Pound sterling is a key barometer of Brexit uncertainty

PoundsTCThe BoE, Fed, and other global central banks have all but reached the limits of their policy playbooks

Ann-Katrin Petersen, investment strategist at Allianz Global Investor | Investors and companies still need to prepare for a wide range of scenarios: Orderly Brexit on the terms specified in the current withdrawal deal? Cross-party support for an alternative option? Further Art. 50 extension due to snap elections, a second referendum (or both…)? A disorderly “no deal” crash-out?

Tension between a new UK government committed to the default outcome of leaving the EU without a deal on 31 October and a parliament that still looks staunchly opposed to a no-deal crash out has continued to build.

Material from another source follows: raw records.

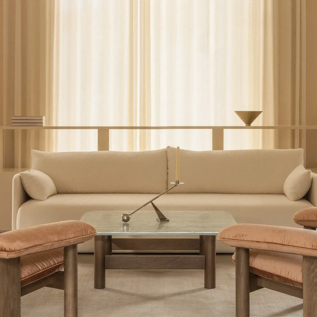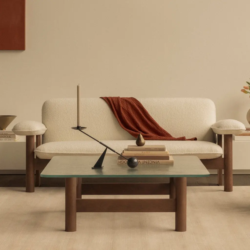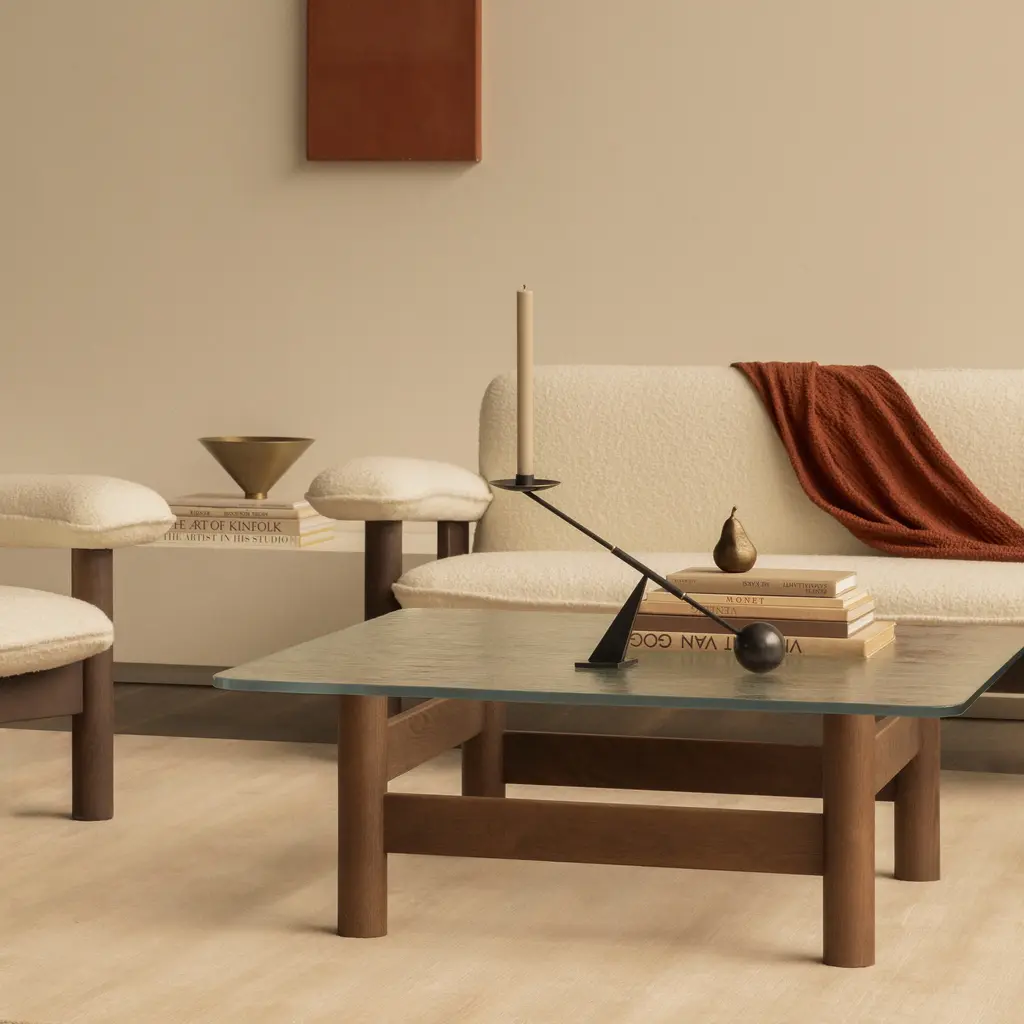 The Brasilia Lounge Table combines Scandinavian mid-century design with Brazilian modernism. Designed by Anderssen & Voll, it features a solid wood base available in natural oak, dark-stained oak, or walnut, highlighting traditional joinery techniques. The fused, tempered opti-white glass tabletop provides a light contrast to the solid base. Rounded corners and gently curved legs enhance its streamlined look.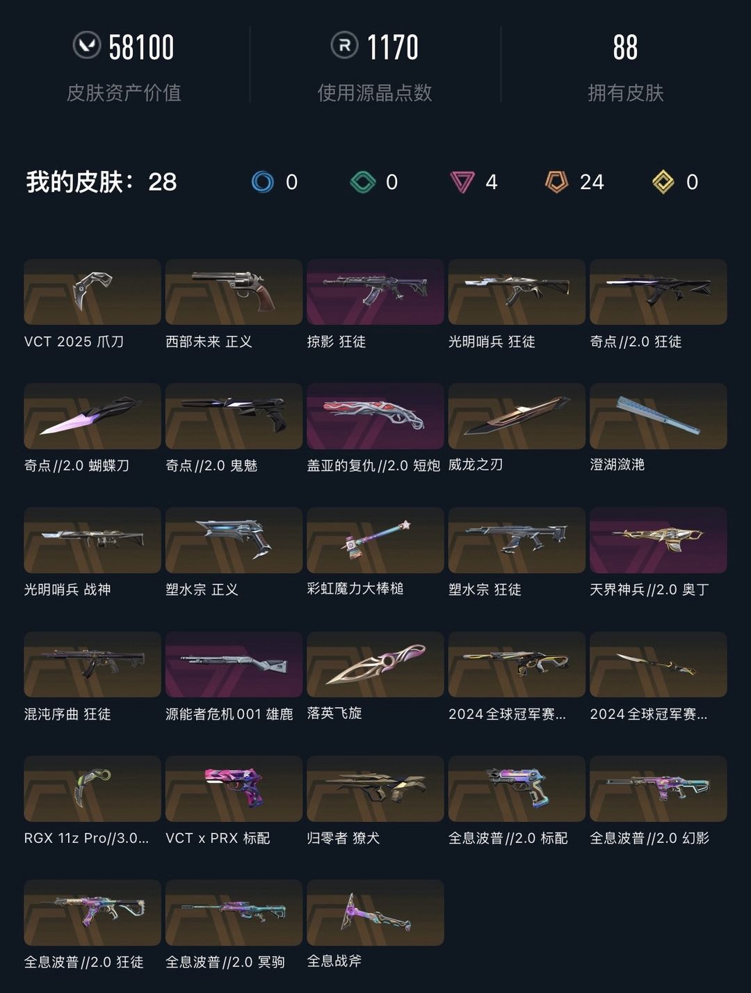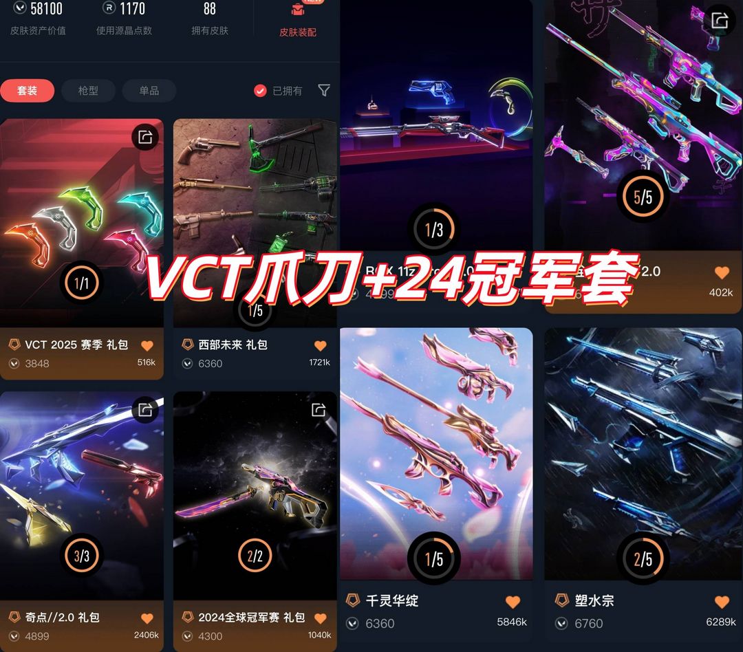 可排✅VCT爪刀⚡24冠军套⚡西部未来⚡全息2套⚡掠夺⚡显卡爪刀⚡塑水宗⚡光明⚡奇点2⚡混沌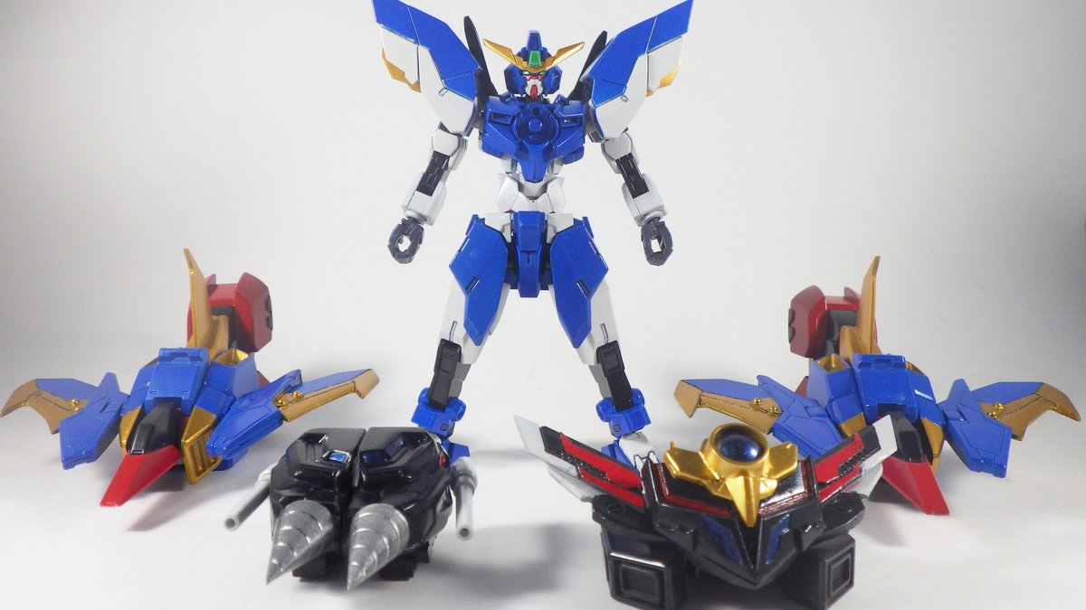 遂に出来ましたああああ(未完成) 月が闇を照らす時伝説が空を舞うコアガンダム2です! 4機の戦闘機グランアーマーと合体する事により真の姿を現すのだ! (未完成)の理由は後述します('ω'`) #ガンプラはどんな自由な発想で作ってもいいんだ #ガンプラ #グラヴィオン

Over summer, the speculation therefore seems to have ripened that a political process – probably a general election, perhaps a second referendum – seems to be the only way out of the political impasse when UK Parliament reconvenes on 3 September after its summer recess and a deal is not agreed, provided new PM Boris Johnson doesn’t dare to venture into the unknown terrain of a prorogation of parliament.

The pound sterling is a key barometer of Brexit uncertainty: the more uncertain the UK political environment, the weaker the GBP, and vice versa. A structural appreciation of GBP, which we deem to be undervalued, necessitates more clarity and a benign decision in the Brexit discussion.